- _AIM OF THE TASK_: Beneath this task are records; print exactly the stretch of them from the line with "Kit Bloco de" through the line with "24.08.2022 | Polizeichor", both ends included.

───── DATA FOR ANALYSIS ─────

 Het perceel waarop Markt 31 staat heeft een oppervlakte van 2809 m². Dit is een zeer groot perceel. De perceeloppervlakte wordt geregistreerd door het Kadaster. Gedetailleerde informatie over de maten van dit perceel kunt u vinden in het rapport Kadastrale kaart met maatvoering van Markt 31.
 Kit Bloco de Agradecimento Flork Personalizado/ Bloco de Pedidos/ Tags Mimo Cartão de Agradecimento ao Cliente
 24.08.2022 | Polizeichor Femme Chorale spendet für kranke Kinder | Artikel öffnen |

─────
───── DATA FOR ANALYSIS ─────

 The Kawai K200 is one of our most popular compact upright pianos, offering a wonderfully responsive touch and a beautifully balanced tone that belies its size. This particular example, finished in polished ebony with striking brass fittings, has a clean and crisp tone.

─────

- _RESPONSE_:
 Kit Bloco de Agradecimento Flork Personalizado/ Bloco de Pedidos/ Tags Mimo Cartão de Agradecimento ao Cliente
 24.08.2022 | Polizeichor Femme Chorale spendet für kranke Kinder | Artikel öffnen |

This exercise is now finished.